Recently, a research team led by Professor Li Shengying from the State Key Laboratory of Microbial Technology at Shandong University (SDU), in collaboration with Professor Wang Binju and Professor Zhang Yandong’s teams from Xiamen University, published aresearch articletitled "Deciphering the Thiolactonization Mechanism in Thiolactomycin Biosynthesis" in Journal of the American Chemical Society. This work successfully unravels the biosynthetic pathway of the sulfur-containing antibiotic thiolactomycin, revealing a unique mechanism for constructing the γ-thiolactone scaffold in nature.

Thiolactomycin, a natural product derived from actinomycetes, demonstrates strong antibacterial activity against both Gram-positive and Gram-negative bacteria. Its distinctive γ-thiolactone ring selectively targets bacterial type II fatty acid synthase while sparing human and mammalian fatty acid synthesis pathways, rendering it a highly promising antibiotic candidate. Over the past four decades, research has systematically elucidated its pharmacological properties, mechanisms of action, and chemical synthesis. Nevertheless, the biosynthetic mechanism of its pharmacophore—the γ-thiolactone ring—remained elusive.

This study isolated thiolactomycin-type compounds from Streptomyces sp. S6043a, an actinobacterium strain previously isolated from an Antarctic deep-sea sponge. Through bioinformatics analysis and in vivo gene inactivation experiments, the researchers identified key enzymes responsible for γ-thiolactone ring formation: the Cy domain of nonribosomal peptide synthetase (NRPS) TlnC, the A-PCP domain of TlnD, and the cytochrome P450 enzyme TlnA.To elucidate the catalytic roles of these enzymes, the authors adopted an NRPS domain-splitting strategy to obtain all the soluble recombinant proteins. Using chemically synthesized polyketide intermediate as substrate, they successfully reconstitutedtheγ-thiolactone ring formation process in a one-pot in vitro reaction. Their findings revealed that the Cy domain of TlnC mediates a rare sulfur-transfer reaction, incorporating a cysteine-derived sulfur atom into the polyketide backbone to generate an unstable thiocarboxylic intermediate. Subsequently, the P450 enzyme TlnA catalyzes a novel C–S bond cyclization, converting this intermediate into thiolactomycin.

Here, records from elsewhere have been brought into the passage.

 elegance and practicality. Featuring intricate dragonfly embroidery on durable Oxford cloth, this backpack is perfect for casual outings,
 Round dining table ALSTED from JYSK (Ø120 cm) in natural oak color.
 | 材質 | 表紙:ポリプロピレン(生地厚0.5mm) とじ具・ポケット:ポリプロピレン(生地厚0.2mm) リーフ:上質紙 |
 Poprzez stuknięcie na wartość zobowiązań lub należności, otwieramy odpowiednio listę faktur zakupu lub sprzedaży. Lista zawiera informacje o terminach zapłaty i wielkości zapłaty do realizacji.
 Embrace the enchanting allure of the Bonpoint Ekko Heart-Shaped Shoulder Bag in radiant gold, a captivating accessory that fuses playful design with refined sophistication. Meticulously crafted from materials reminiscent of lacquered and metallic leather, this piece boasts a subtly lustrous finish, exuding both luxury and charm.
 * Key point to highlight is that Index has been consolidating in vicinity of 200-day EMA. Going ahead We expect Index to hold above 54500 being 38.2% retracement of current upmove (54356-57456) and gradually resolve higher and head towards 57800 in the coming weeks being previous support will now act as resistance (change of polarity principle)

To further elucidate the catalytic mechanisms of the Cy domain and P450 enzyme, the authors employed an integrated approach combining in vitro biochemical assays, isotopic labeling experiments, protein structural analysis, site-directed mutagenesis, quantum mechanics/molecular mechanics (QM/MM) simulations, density functional theory (DFT) calculations, primary kinetic isotope effect (KIE) measurements, and time-course NMR experiments. The results demonstrated that the Cy domain facilitates sulfur transfer through a sequential mechanism involving: amide bond formation, intramolecular cyclization, ring-opening rearrangement, and C–S bond cleavage. Notably, while characterized Cy domains typically catalyze thiazole/oxazole ring formation via a "condensation-cyclization-dehydration" pathway, this study reveals a Cy domain with a novel catalytic function. Mechanistic investigations established that the P450 TlnA mediates stereoselective intramolecular C–S cyclization through a "distal radical" mechanism, ultimately generating the γ-thiolactone ring. These findings revised the previously proposed epoxide intermediate hypothesis.

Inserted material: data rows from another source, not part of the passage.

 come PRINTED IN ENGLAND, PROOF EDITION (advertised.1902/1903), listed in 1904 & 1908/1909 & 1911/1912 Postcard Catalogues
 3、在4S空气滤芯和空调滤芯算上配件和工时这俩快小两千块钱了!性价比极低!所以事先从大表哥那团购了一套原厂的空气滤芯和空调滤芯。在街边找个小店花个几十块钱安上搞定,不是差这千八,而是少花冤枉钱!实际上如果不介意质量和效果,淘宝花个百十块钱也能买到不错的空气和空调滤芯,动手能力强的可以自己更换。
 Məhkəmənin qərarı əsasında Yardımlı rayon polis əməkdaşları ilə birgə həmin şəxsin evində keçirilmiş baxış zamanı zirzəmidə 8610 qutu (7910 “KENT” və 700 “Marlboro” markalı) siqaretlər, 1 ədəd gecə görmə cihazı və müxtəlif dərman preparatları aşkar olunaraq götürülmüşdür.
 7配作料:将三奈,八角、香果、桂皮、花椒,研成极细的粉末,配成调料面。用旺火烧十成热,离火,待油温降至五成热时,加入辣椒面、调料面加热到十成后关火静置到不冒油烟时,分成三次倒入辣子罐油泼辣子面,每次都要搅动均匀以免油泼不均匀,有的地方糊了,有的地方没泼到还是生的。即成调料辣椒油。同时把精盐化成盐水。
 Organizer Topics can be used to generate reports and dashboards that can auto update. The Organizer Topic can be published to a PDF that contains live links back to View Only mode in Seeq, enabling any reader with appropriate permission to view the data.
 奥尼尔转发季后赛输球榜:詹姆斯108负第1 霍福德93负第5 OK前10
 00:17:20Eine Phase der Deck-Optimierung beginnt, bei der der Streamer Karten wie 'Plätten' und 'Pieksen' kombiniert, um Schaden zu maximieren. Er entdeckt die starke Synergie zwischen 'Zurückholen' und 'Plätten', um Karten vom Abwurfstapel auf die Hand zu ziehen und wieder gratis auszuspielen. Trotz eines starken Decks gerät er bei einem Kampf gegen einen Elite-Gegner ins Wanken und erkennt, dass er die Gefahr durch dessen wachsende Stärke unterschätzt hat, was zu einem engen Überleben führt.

In summary, this study comprehensively elucidates the thiolactonization mechanism in thiolactomycin biosynthesis, reporting the first enzymatic γ-thiolactone ring formation identified in nature. The work establishes crucial genetic, enzymatic, and mechanistic foundations for engineering this promising antibiotic's biosynthetic pathway. Furthermore, these findings significantly advance our understanding of sulfur-containing natural product biosynthesis and provide new enzymatic tools for synthetic biology applications.

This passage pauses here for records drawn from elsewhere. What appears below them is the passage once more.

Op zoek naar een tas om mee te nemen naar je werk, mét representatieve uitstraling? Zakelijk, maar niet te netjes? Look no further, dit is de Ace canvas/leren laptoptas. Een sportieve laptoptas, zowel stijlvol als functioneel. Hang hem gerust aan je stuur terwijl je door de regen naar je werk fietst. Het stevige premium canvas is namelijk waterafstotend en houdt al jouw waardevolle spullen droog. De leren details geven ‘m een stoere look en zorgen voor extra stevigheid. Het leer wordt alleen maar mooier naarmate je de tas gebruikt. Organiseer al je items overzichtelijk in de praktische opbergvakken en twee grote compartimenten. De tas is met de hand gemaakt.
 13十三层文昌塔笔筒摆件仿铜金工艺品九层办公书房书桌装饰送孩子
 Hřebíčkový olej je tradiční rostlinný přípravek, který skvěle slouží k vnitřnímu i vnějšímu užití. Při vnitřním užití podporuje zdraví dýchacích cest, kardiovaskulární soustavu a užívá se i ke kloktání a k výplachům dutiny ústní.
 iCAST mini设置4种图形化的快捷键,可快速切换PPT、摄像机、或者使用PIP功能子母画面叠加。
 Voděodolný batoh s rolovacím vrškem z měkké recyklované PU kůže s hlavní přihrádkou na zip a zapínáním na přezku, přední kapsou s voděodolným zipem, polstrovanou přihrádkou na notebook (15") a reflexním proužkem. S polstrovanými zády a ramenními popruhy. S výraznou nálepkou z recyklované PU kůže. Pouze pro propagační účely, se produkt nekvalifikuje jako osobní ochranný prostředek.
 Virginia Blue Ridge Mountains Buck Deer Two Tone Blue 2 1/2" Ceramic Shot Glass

Additionally, the research team recently deciphered the biosynthetic mechanism of the thiocarboxylic acid moiety in the sulfur-containing natural product thioquinolobactin. Through an innovative "element engineering" approach, they developed a chemo-enzymatic platform for producing selenocarboxylic acid analogs. These findings were published in the Journal of Natural Products under the title "Carboxylic Acid Tailoring in Thioquinolobactin Biosynthesis."

These research projects were supported by the the National Key Research and Development Program of China, the National Natural Science Foundation of China, and the Shandong Provincial Natural Science Foundation. The State Key Laboratory of Microbial Technology serves as the primary and corresponding author affiliation.